Source records |
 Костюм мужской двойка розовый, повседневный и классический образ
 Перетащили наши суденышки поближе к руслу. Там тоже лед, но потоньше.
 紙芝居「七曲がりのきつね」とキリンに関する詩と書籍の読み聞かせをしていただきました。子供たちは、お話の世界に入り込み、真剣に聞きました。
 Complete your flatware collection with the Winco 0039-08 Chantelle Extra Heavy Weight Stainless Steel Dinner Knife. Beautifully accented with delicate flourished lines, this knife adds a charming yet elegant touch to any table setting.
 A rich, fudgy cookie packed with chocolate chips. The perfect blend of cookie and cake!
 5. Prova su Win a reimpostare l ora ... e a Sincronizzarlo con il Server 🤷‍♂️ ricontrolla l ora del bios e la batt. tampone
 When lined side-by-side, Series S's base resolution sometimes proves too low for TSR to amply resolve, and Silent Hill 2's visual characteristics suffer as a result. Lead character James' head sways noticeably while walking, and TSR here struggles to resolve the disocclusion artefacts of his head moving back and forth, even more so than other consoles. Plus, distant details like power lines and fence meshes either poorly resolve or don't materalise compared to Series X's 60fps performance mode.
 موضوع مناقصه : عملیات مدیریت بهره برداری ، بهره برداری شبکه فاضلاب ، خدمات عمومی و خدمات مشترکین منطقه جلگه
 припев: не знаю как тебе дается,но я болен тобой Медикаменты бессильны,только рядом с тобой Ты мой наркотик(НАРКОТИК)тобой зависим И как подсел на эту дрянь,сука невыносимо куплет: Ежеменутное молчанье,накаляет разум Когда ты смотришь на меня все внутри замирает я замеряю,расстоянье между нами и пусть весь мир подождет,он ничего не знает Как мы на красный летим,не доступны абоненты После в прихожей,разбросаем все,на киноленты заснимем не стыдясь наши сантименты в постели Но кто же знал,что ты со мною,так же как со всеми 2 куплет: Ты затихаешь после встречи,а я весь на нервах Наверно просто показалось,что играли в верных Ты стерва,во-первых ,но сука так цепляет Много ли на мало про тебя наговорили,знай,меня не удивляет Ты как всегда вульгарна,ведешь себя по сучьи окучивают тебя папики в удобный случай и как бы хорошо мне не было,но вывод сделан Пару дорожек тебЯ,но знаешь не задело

WHAT TO PRODUCE | State how many lines of the records contain the word "with". Give that number alone.

ANSWER FOR THE TASK | 2